▸ SUPPLIED MATERIAL
((

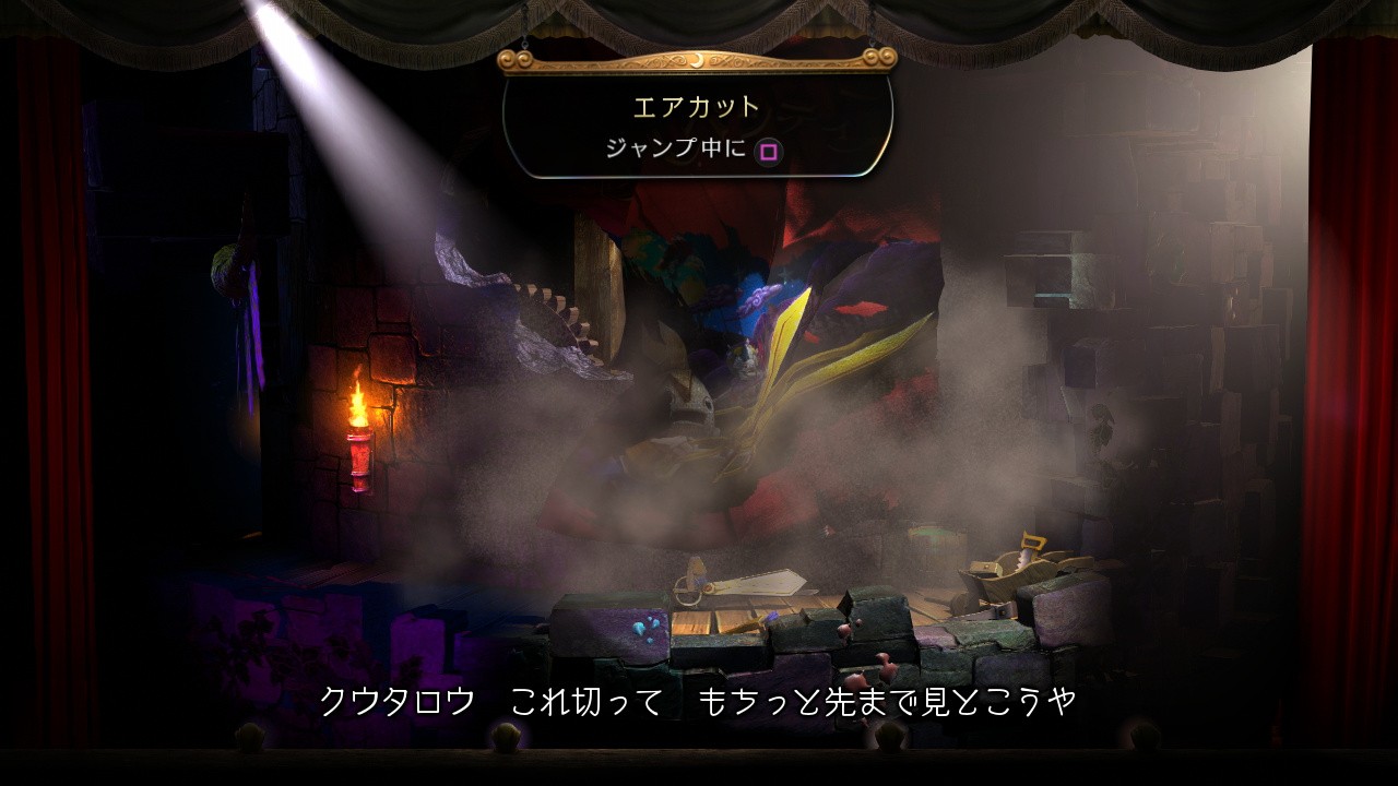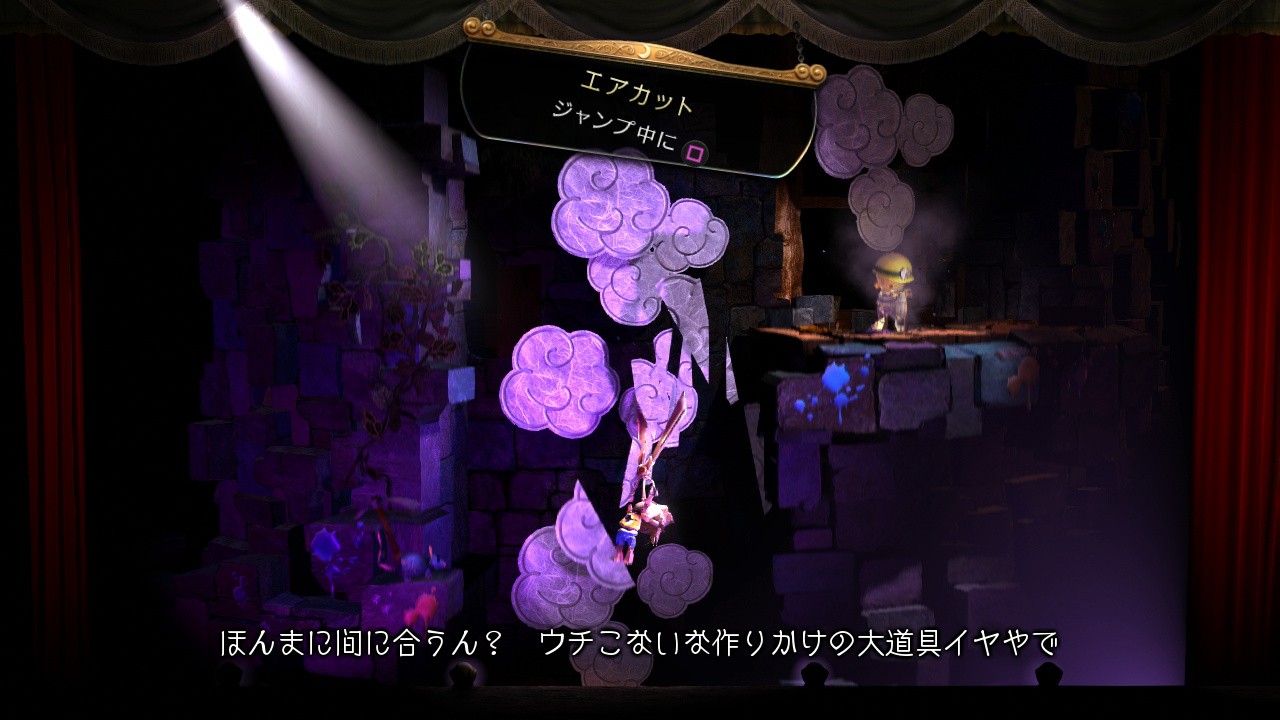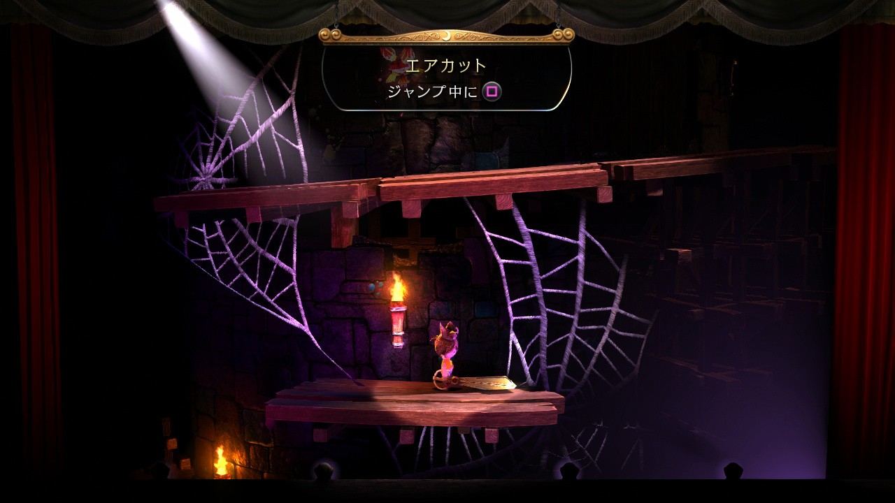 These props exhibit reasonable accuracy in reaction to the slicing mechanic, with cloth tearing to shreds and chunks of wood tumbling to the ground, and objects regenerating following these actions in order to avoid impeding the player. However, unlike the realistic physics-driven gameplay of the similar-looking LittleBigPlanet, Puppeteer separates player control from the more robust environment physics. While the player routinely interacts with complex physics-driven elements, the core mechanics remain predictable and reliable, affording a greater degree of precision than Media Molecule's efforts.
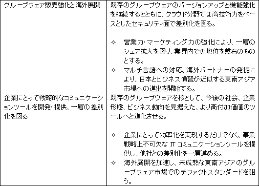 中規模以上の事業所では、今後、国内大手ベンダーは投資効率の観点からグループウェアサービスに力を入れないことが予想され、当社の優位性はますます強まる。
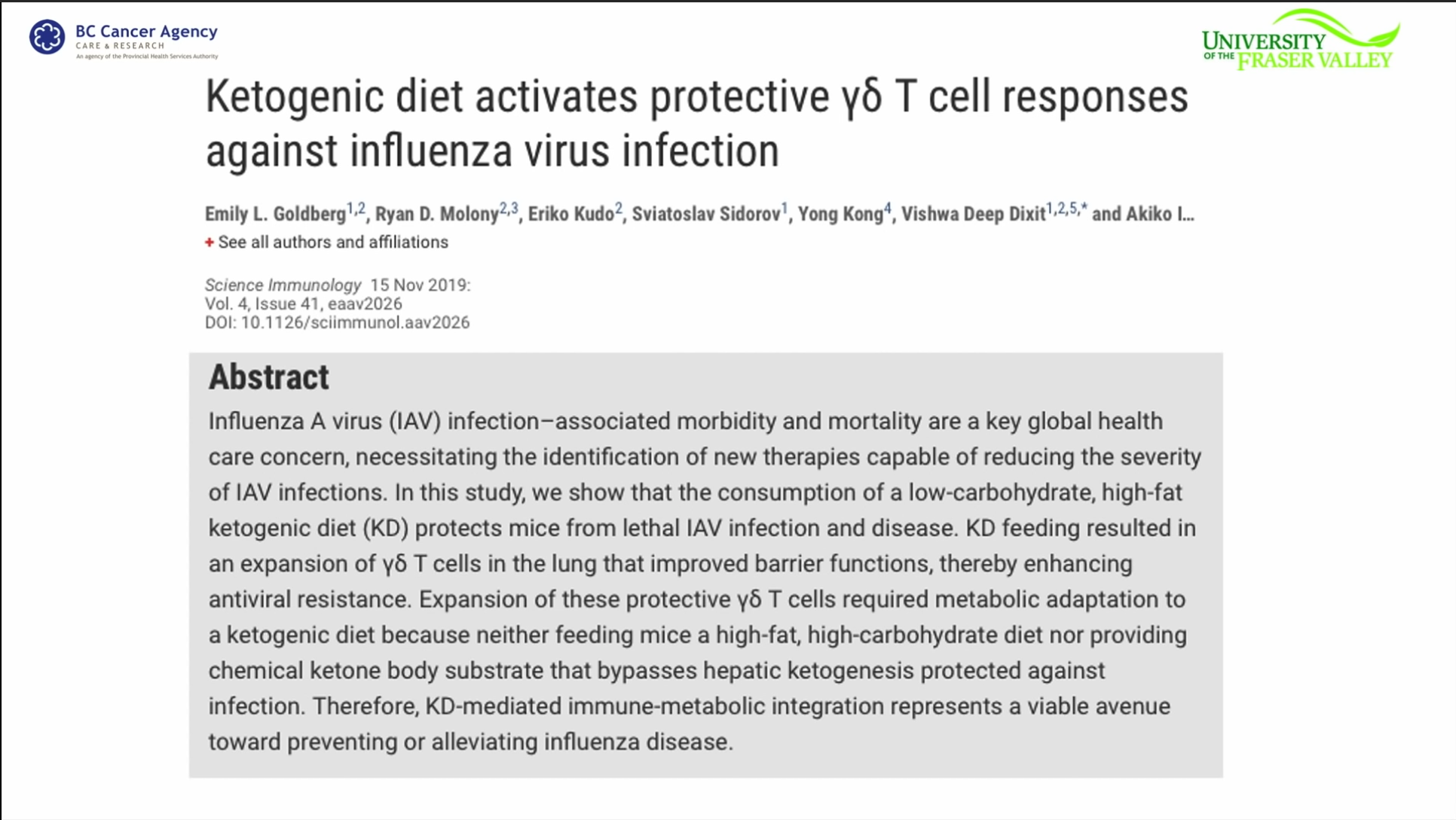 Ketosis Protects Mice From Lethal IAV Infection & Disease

))
((

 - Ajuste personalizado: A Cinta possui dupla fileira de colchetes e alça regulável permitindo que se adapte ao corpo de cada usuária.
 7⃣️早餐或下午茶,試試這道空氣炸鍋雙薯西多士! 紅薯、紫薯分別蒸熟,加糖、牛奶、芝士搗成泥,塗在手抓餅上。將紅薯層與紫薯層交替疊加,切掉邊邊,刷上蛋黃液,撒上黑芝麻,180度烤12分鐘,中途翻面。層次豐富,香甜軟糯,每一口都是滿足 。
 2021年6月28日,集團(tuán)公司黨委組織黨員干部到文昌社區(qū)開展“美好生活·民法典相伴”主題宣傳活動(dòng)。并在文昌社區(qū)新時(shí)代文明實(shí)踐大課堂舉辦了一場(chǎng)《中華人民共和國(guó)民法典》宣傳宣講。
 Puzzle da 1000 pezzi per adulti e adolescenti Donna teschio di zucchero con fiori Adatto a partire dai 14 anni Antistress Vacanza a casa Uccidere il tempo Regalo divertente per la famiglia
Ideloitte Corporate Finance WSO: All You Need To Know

))
((

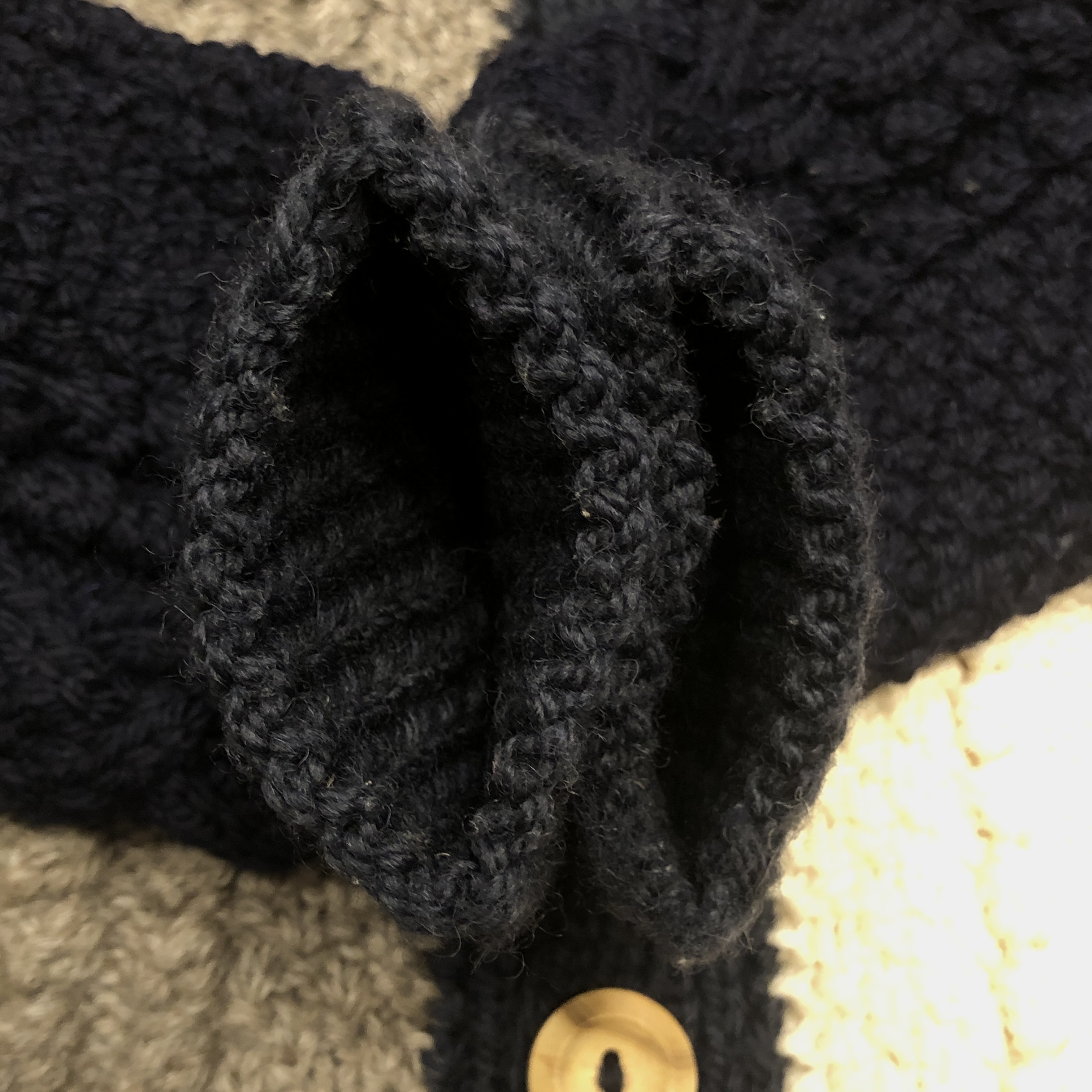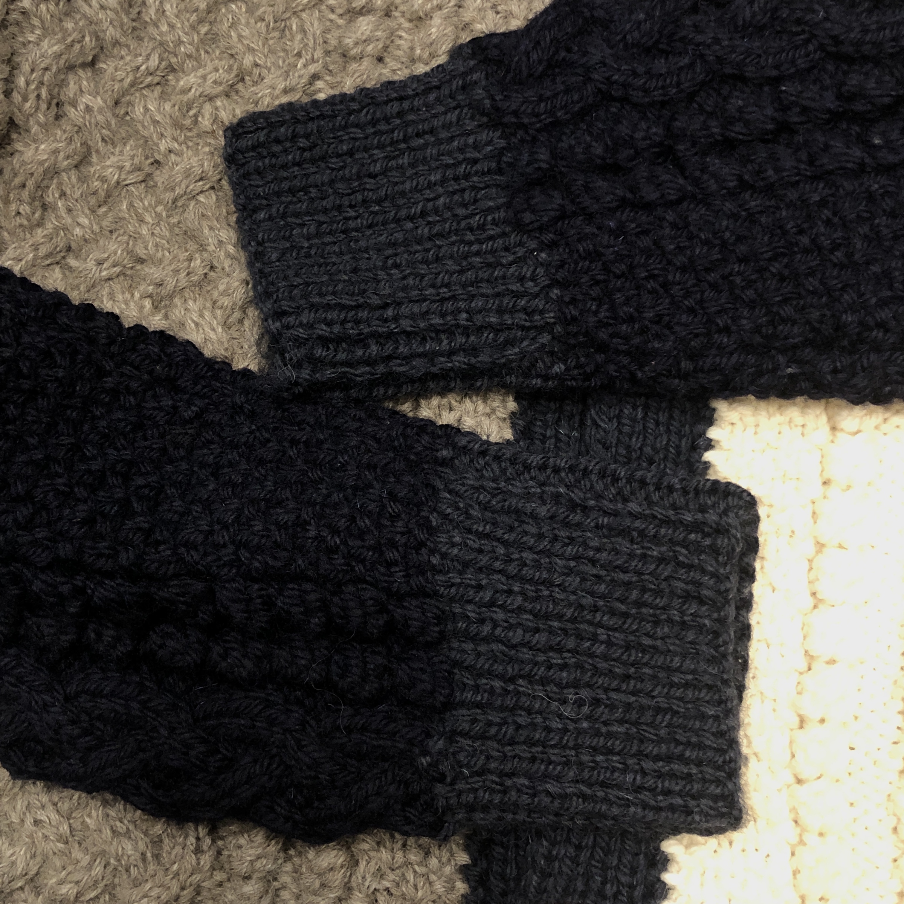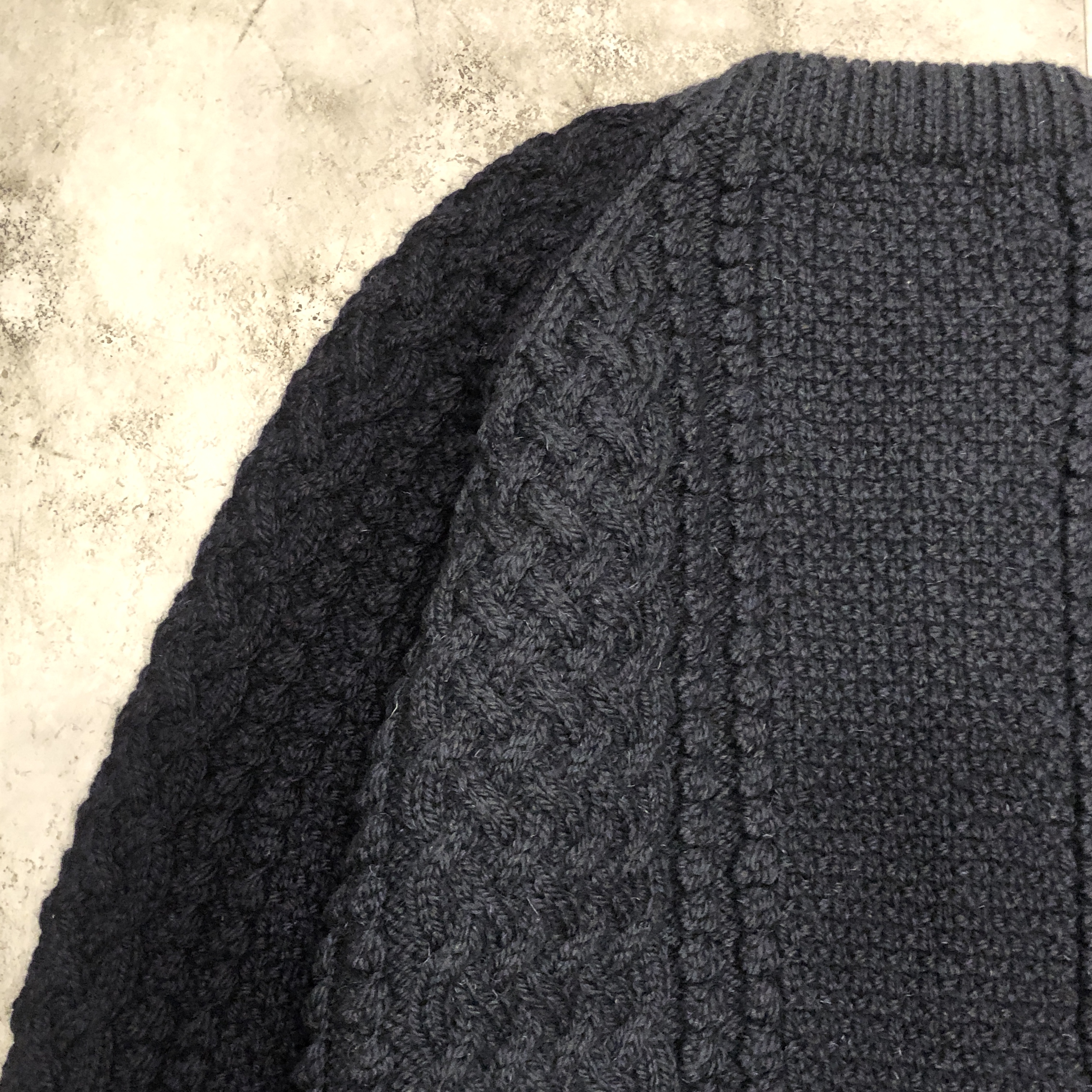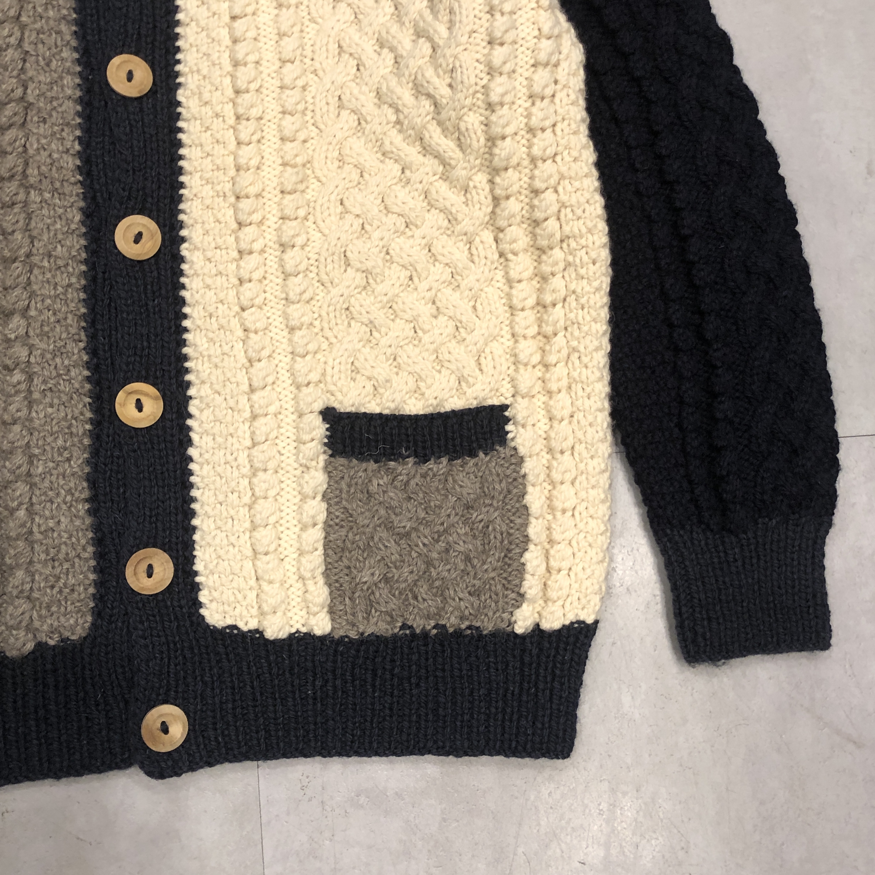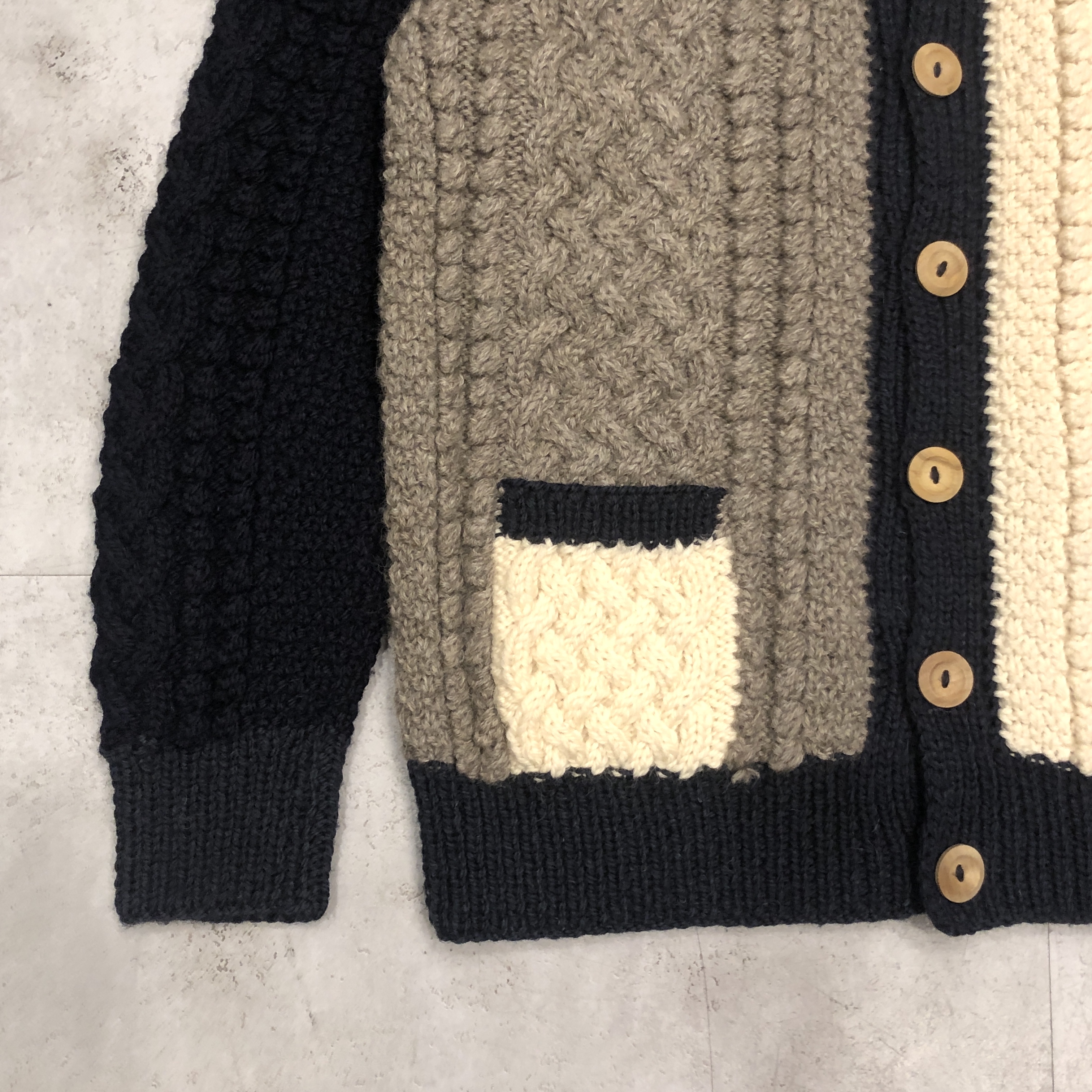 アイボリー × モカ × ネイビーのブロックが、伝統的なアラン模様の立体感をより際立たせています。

))

Given the records above, reproduce precisely and only the lines between the line holding "2021年6月28日,集團(tuán)公" and the line holding "Ideloitte Corporate Finance", inclusive.

 2021年6月28日,集團(tuán)公司黨委組織黨員干部到文昌社區(qū)開展“美好生活·民法典相伴”主題宣傳活動(dòng)。并在文昌社區(qū)新時(shí)代文明實(shí)踐大課堂舉辦了一場(chǎng)《中華人民共和國(guó)民法典》宣傳宣講。
 Puzzle da 1000 pezzi per adulti e adolescenti Donna teschio di zucchero con fiori Adatto a partire dai 14 anni Antistress Vacanza a casa Uccidere il tempo Regalo divertente per la famiglia
Ideloitte Corporate Finance WSO: All You Need To Know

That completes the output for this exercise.